According to insurance claim records, the most common problem in building construction is water damage. Flooding incidents in residential and commercial buildings could cause up to $100M losses if not dealt with in time. However, the solutions to prevent and detect flooding really lack. Existing solutions require special hardware mounted on the water pipes.
What it does
Our system uses image data captured by the surveillance camera to detect flooding with computer vision algorithms. Once a flood is detected, our system automatically sends a warning email to the building owner with the latest flooding image. The system automatically increases the monitoring frequency on the incident building and stores flooding images on in the database for future records.
How we built it
First, we created a Spring boot project. We created some error classes and exception classes so that all the errors will be handled by Spring and the system won't crash. Then we tried a simple Hello World request and test if it is working. We assume that the images will be sent from the cameras using HTTP requests and the data will be a byte array. We created the controllers, models, services, and data access layers. If an image needs to be saved, it will first be put in a model, checked in the service class, then using the JPA repository to store in the MySql database. We use Java mail API in Spring framework and save the image in the server, then read and attach it in the email.
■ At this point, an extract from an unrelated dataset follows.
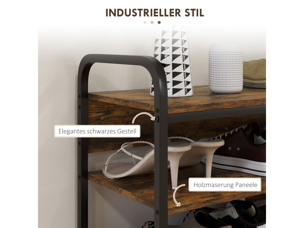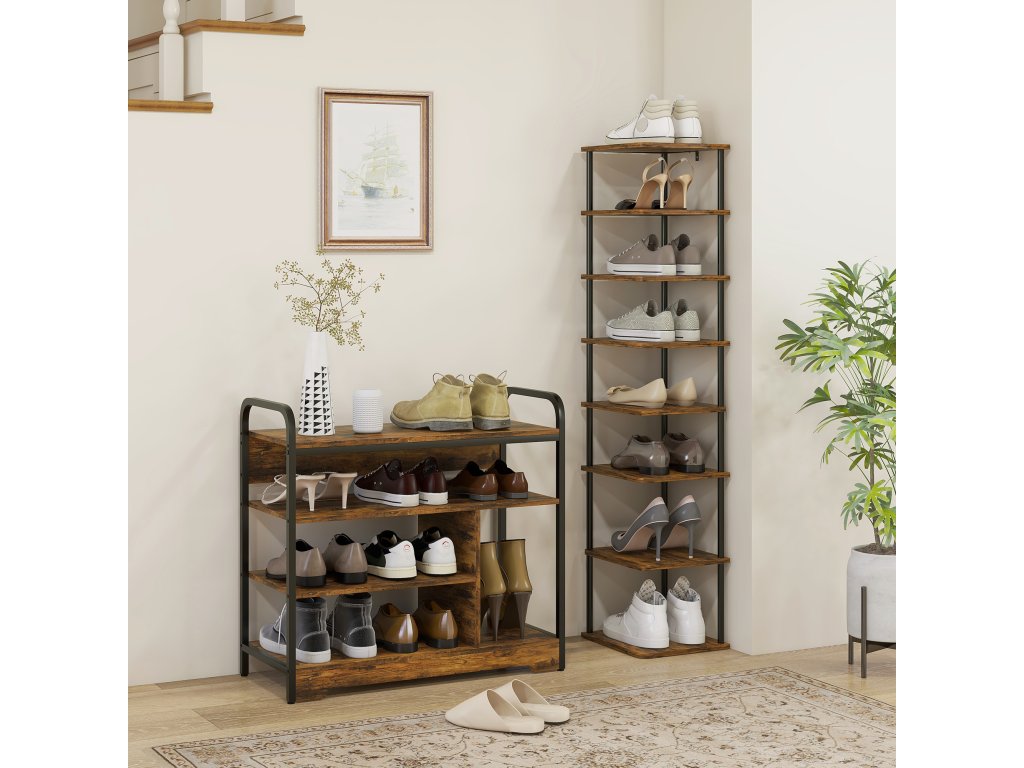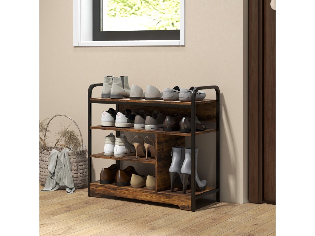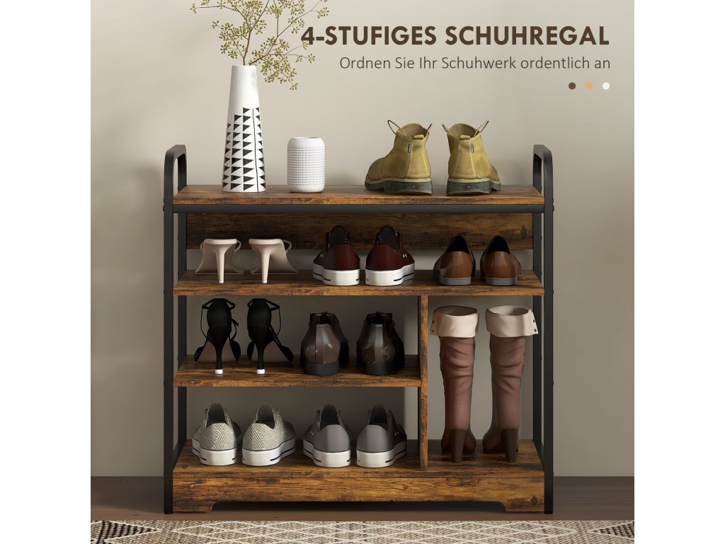 Překáží vám boty vždycky? Pomůže vám čtyřpatrový botník od společnosti HOMCOM. Díky vyšší boční polici, která je ideální pro vysoké podpatky nebo boty, udrží vaše boty v pořádku. Otevřený design umožňuje najít boty na první pohled a udržuje je čisté a svěží. Dejte sbohem chaosu v botách a přivítejte stylovou organizaci s průmyslovým botníkem HOMCOM. Ideální pro uklizenou domácnost!
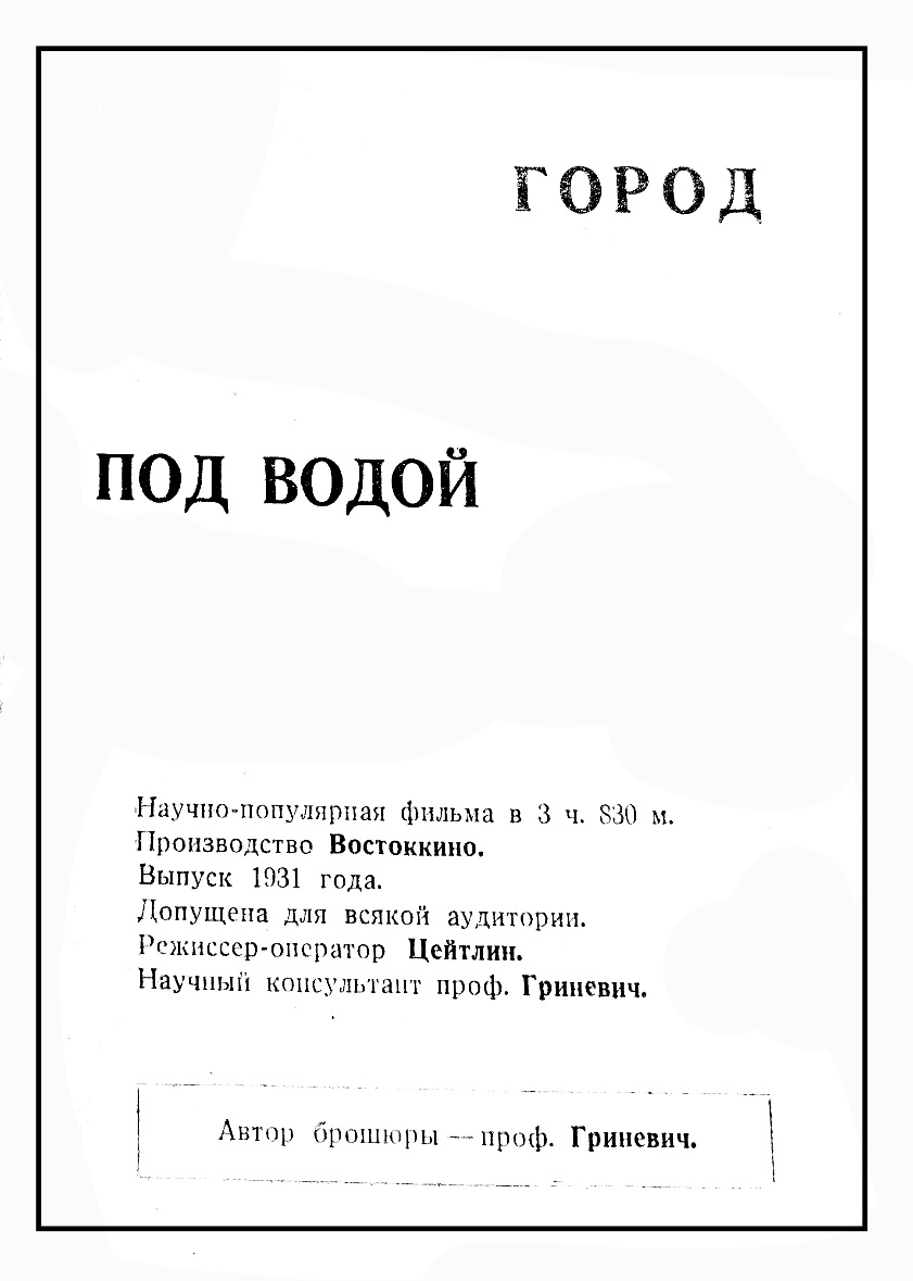 В 1932 г. в Москве К. Э. Гриневич издает научно-популярную брошюру «Город под водой: Развалины Херсонеса. Кинолибретто и методические указания к беседе». Брошюра состояла из двух разделов. В первом кратко рассказывается история изучения Херсонеса, обосновывается необходимость в подводных исследованиях и дается описание технической стороны вопроса. Вторая часть «Работа вокруг фильмы» содержит рекомендации по организации беседы со зрителями перед просмотром и перечень научно-популярных лекций, дополняющих материал фильма: «Предлагаемый вниманию зрителя фильма «Город под водой» требует, как всякая научная фильма, предварительных пояснений». Лектору рекомендуется осветить темы «Античное рабовладельческое общество и черноморские колонии», «Греческая колонизация и причины возникновения главных греческих городов Причерноморья – Херсонеса, Пантикапеи и Ольвии», «Почему происходят случаи поглощения земли морем?», «Исторические факты провалов суши. Как объясняют геологи эти природные явления», «Победа научной мысли в СССР». Гриневич утверждает, что «Проведенная в 1931 году работа свидетельствует о победе научной мысли в СССР. Она показывает, что только в стране строящегося социализма, в противоположность к капиталистическим странами имеются предпосылки для свободного и победоносного развития науки» [26, с. 6–7].

We use Google Vision APIs to check if the image in the request contains any flooding incident. If the answer is yes, the image will be saved in the database and attached to the alerting email. Our server also gives feedback to the surveillance camera in order to increase data collection frequency when flooding is detected.
Challenges we ran into
There is no dataset for indoor flooding. The common computer vision models for image classification can only recognize flooding caused by extreme weather. We have tried Google Vision APIs' classification and web detection methods and came up with a combined solution for better detecting residential floods. We also explore deep learning architectures that can be used once indoor flooding data is collected from insurance companies.
When we use the Google Cloud Vision API, we ran into an authentication issue. According to the documentation, we need to set an environment variable for the credential file. However, we tried all the methods in Google's document, but none of them worked. We found that the ways Google provides are not setting the environment variable permanently and once the command window is closed, it won't work. Setting the environment variable manually solved the problem.
Accomplishments that we're proud of
We are very proud that we have built a complete flooding alerting system within such a short period of time and just two of us. And we are also able to attend interesting workshops and tech fairs during the break of hacking.
What we learned
We have learned how to apply AI models to real-world problems and backend development using Spring.
What's next for Anti-Flooding
Request real indoor flooding data from the insurance companies and improve the AI algorithms to classify flooding scenes in higher accuracy and robustness.